I find it’s quite strange how condition dependent instructions are processed in PeepholeOptimizer::runOnMachineFunction:

01577 if ((isUncoalescableCopy(*MI) &&

01578 optimizeUncoalescableCopy(MI, LocalMIs)) ||

01579 (MI->isCompare() && optimizeCmpInstr(MI, &MBB)) ||

01580 (MI->isSelect() && optimizeSelect(MI, LocalMIs))) {

01581 // MI is deleted.

01582 LocalMIs.erase(MI);

01583 Changed = true;

01584 continue;

01585 }

01586

01587 if (MI->isConditionalBranch() && optimizeCondBranch(MI)) {

01588 Changed = true;

01589 continue;

01590 }

CmpInstr, SelectInstr and CondBranch are processed separately. It’s assumed that CmpInstr and SelectInstr are deleted but CondBranch is not.

In fact CmpInstr is always connected to SelectInstr or CondBranch or both of them. So if such connection exists it should be processed as a whole.

For example, there are cases when CMP+BRC can be replaced by BR. The same is true for CMP+SEL.

The main problem I have is that I have to find corresponding CmpInstr and to repeat analysis of it in optimizeSelect and in optimizeCondBranch.

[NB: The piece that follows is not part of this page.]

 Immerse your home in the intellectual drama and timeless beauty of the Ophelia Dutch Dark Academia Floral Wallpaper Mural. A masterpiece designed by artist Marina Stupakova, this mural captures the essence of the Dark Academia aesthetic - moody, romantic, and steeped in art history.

Any thoughts why it’s implemented in such way.

Kind regards,

Evgeny Astigeevich

Hi Evgeny,

Hi,

I find it’s quite strange how condition dependent instructions are processed in PeepholeOptimizer::runOnMachineFunction:

01577 if ((isUncoalescableCopy(*MI) &&
01578 optimizeUncoalescableCopy(MI, LocalMIs)) ||
01579 (MI->isCompare() && optimizeCmpInstr(MI, &MBB)) ||
01580 (MI->isSelect() && optimizeSelect(MI, LocalMIs))) {
01581 // MI is deleted.
01582 LocalMIs.erase(MI);
01583 Changed = true;
01584 continue;
01585 }
01586
01587 if (MI->isConditionalBranch() && optimizeCondBranch(MI)) {
01588 Changed = true;
01589 continue;
01590 }

CmpInstr, SelectInstr and CondBranch are processed separately. It’s assumed that CmpInstr and SelectInstr are deleted but CondBranch is not.
In fact CmpInstr is always connected to SelectInstr or CondBranch or both of them. So if such connection exists it should be processed as a whole.

This code allows you to do that, unless I am mistaken.

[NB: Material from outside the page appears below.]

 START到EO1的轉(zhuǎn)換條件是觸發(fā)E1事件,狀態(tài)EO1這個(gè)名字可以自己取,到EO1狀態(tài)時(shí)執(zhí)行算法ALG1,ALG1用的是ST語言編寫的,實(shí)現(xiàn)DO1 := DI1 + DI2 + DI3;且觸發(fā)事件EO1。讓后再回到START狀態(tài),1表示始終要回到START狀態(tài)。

For example, there are cases when CMP+BRC can be replaced by BR. The same is true for CMP+SEL.

I believe this should be done in respectively optimizeCondBranch and optimizeSelect.

The main problem I have is that I have to find corresponding CmpInstr and to repeat analysis of it in optimizeSelect and in optimizeCondBranch.

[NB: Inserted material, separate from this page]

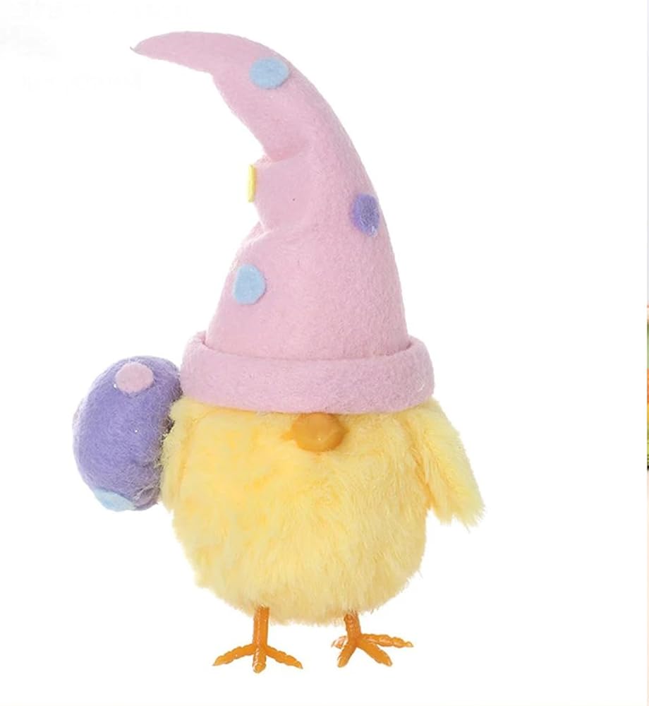 ADORABLE EASTER DESIGN: Charming yellow plush chick figurine wearing a pastel pink polka dot hat and holding a purple Easter egg, perfect for adding festive spring charm to your home

Ok, so basically your concern is that we may call twice analyzeCompare. Is that it?
This function is probably cheap so I wouldn’t be too concerned about that. If I turn out to be wrong, then yes we can think of a better mechanism.

Any thoughts why it’s implemented in such way.

The idea of the peephole optimizer is top-down approach and greedily applied optimization.

I have to admit I don’t see the concern with the instruction being condition dependent; we don’t want to call optimizeCondBranch :).
I believe I missed your point.

Cheers,
-Quentin

Hi Quentin,

Yes, the code allows to process connected instructions. Although it should be taken into account that the instruction next to the current processed instruction must never be erased because this invalidates iterator.

I’ve been fixing a bug in AArch64InstrInfo::optimizeCompareInstr: instructions are converted into S form but it’s not checked that they produce the same flags as CMP. The bug exists upstream as well.

Together with the fix I want to add some peephole rules for combinations CMP+BRC and CMP+SEL. In the context of optimizeCmpInstr I have all information about CmpInstr. I simply go down and check all instructions which use AArch64::NZCV whether they can be substituted with the simpler version. After all I delete CmpInstr. This approach contradicts with PeepholeOptimizer design because BRC and SEL must be processed in corresponding functions. Yes, ‘analyzeCompare’ is cheap but in optimizeCondBranch and in optimizeSelect we need to go up to find the instruction defining condition flags. In case of BRC CMP should not be far from it but I am not sure about SEL. Also when BRC is replaced with BR CMP can be removed (BTW processing of instructions below BRC can be stopped). I don’t know if there any restrictions on instructions below BRC. Anyway I don’t expect many of them. In case of CMP+SEL we can not remove CMP after simplifying SEL because there can be other SEL instructions using flags from CMP.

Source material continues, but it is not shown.